Leave the images aside and output every entry exactly.

(Beginning of Supplied entries)

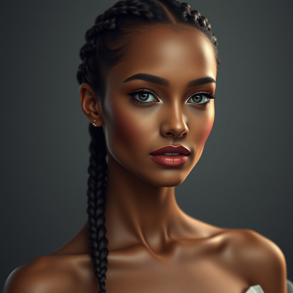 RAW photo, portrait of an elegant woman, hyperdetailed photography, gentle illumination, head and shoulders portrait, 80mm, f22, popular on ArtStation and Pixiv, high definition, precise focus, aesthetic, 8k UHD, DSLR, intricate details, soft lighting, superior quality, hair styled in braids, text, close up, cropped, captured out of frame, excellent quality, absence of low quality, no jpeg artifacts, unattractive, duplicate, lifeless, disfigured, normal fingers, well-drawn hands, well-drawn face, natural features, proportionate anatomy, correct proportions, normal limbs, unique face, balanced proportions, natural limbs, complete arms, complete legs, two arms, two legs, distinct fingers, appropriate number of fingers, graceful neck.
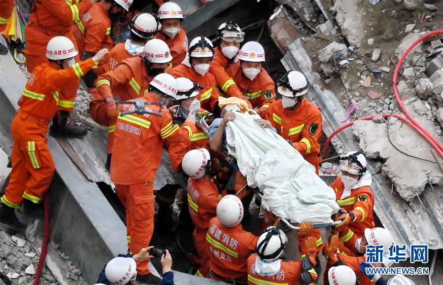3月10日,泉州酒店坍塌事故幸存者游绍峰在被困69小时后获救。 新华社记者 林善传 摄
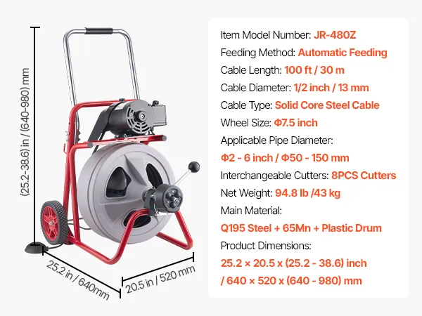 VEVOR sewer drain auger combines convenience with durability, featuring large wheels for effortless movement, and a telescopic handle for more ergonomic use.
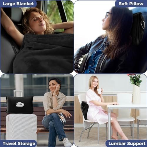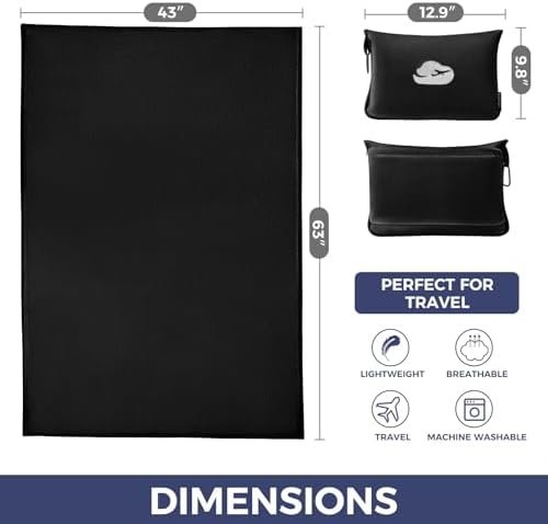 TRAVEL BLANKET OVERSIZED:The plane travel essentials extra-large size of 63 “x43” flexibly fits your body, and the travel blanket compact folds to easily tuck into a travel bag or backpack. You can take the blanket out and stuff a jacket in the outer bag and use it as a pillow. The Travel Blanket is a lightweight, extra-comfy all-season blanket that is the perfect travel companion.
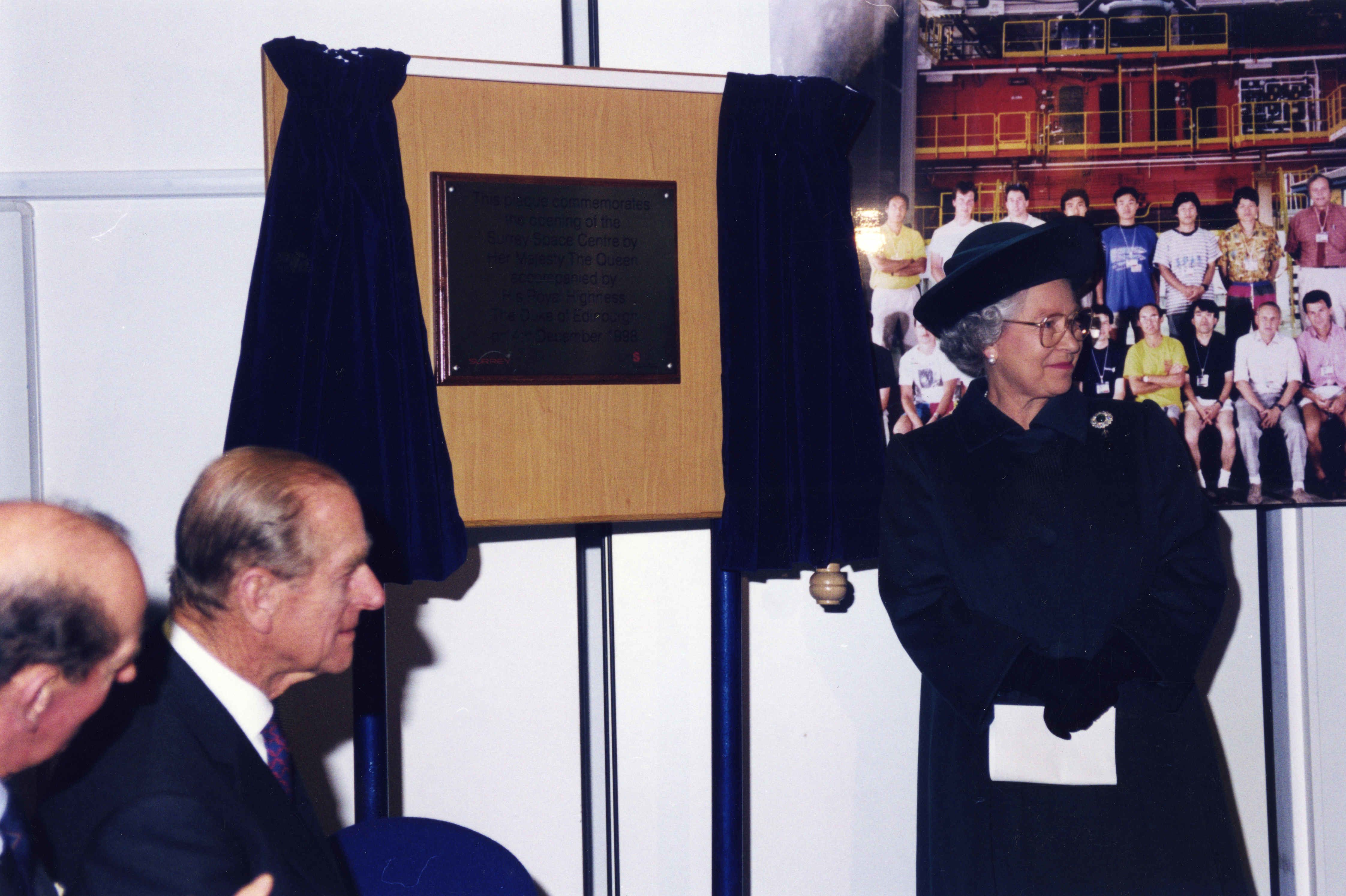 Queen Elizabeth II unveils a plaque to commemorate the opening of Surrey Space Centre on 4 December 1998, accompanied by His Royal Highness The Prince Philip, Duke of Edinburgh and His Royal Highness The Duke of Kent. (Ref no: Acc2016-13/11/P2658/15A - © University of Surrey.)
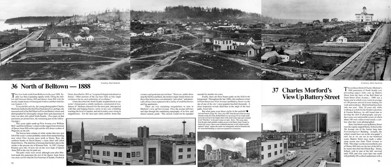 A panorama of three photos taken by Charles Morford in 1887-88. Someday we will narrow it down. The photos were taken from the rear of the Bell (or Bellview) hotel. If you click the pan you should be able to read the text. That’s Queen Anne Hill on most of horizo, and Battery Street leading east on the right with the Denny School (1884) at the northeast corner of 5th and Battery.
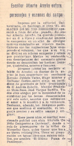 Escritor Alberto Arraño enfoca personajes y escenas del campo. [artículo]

(End of Supplied entries)

▶ **Solution for this exercise**:
 RAW photo, portrait of an elegant woman, hyperdetailed photography, gentle illumination, head and shoulders portrait, 80mm, f22, popular on ArtStation and Pixiv, high definition, precise focus, aesthetic, 8k UHD, DSLR, intricate details, soft lighting, superior quality, hair styled in braids, text, close up, cropped, captured out of frame, excellent quality, absence of low quality, no jpeg artifacts, unattractive, duplicate, lifeless, disfigured, normal fingers, well-drawn hands, well-drawn face, natural features, proportionate anatomy, correct proportions, normal limbs, unique face, balanced proportions, natural limbs, complete arms, complete legs, two arms, two legs, distinct fingers, appropriate number of fingers, graceful neck.
3月10日,泉州酒店坍塌事故幸存者游绍峰在被困69小时后获救。 新华社记者 林善传 摄
 VEVOR sewer drain auger combines convenience with durability, featuring large wheels for effortless movement, and a telescopic handle for more ergonomic use.
 TRAVEL BLANKET OVERSIZED:The plane travel essentials extra-large size of 63 “x43” flexibly fits your body, and the travel blanket compact folds to easily tuck into a travel bag or backpack. You can take the blanket out and stuff a jacket in the outer bag and use it as a pillow. The Travel Blanket is a lightweight, extra-comfy all-season blanket that is the perfect travel companion.
 Queen Elizabeth II unveils a plaque to commemorate the opening of Surrey Space Centre on 4 December 1998, accompanied by His Royal Highness The Prince Philip, Duke of Edinburgh and His Royal Highness The Duke of Kent. (Ref no: Acc2016-13/11/P2658/15A - © University of Surrey.)
 A panorama of three photos taken by Charles Morford in 1887-88. Someday we will narrow it down. The photos were taken from the rear of the Bell (or Bellview) hotel. If you click the pan you should be able to read the text. That’s Queen Anne Hill on most of horizo, and Battery Street leading east on the right with the Denny School (1884) at the northeast corner of 5th and Battery.
 Escritor Alberto Arraño enfoca personajes y escenas del campo. [artículo]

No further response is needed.